I have a few silkies and Polish in a 16 x 16 pen mostly covered with a tarp. Then underneath was like a rabbit hutch. 2 of my silkies decide to be broody right in front of the hutch. I think these plastic tarps get beat up from the sun. It's rained for 3 days. My silkies should not be wet but they are. They are sitting right under a drip. So I go to move the hutch back so I can move them back, and the Whole Hutch collapsed! Those on-line coops and hutches are not sturdy. Now I know. So my silkies are dry now and they have 2 rubbermade tubs on their sides with a nice nest in each one. And I also decided to put lime down too. So now they're clean and dry. It's a good thing I didn't wash my hair this morning because it wouldbe a frizzy mop by now. I don't give them a coop because you know silkies. They will sit on a nest for months and they get too hot. So I always make sure they have a nest in something that's open in the front.
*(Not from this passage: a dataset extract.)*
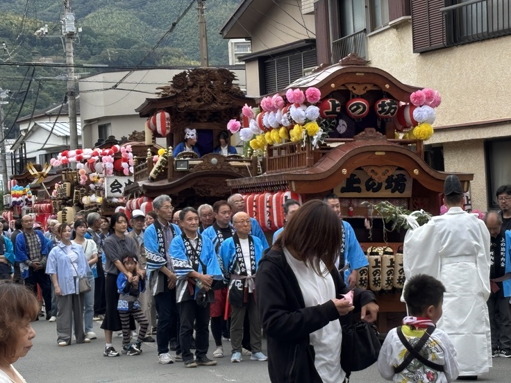 令和7年度の葛見神社の例大祭が10月11日(土)の宵宮、10月12日(日)の本宮と無事に行われました。高齢化と少子化の影響により本年も山車祓いに参加できない町内がありましたが、氏子地区の皆様の努力によりコロナ禍以降徐々に祭典が元に戻りつつあります。以前に比べると内容や規模が縮小されている点は否めませんが、いつまでも賑やかで大人も子供も楽しく参加できる祭典が続いていくことを願います。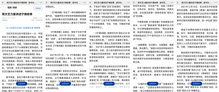 得益于深厚的诗歌文化底蕴与文艺土壤,如今,闽东诗歌百花争艳,在沙滩、海岛,在乡村、公园,都能遇见诗歌作品的创意呈现,诗和远方真正交融,宁德故事以更加深入人心的方式走进千家万户,以更加可信、可爱、可敬的形象走向世界。

Pics to follow.


----------



## chickenqueen (Jan 9, 2016)

It's always something.Glad to hear no injuries except for the hutch.I use dog houses for my grow out pen.One is smaller and insulated so they go in that one 1st.The other is twice as big and not insulated and they go in that one when fully feathered and have doubled their size.I can cover the door when it's chilly or leave it open when it's warm.I've used both for years, very durable and water proof plus,they are plastic and easy to clean and handle.My neighbor kept her silkies in an open-faced lean-to and I felt sorry for those little chickens,esp.in the winter months.


----------



## seminole wind (Aug 22, 2015)

Dog houses work great. In my grow out pen, if it was cold, I hung a heat lamp just outside the door pointing inward. But I don't have a problem with cold here. It's heat. So most of them are in pens. Except for 5 silkie roos. They are in a small coop at night with the door covered because they all crow.


----------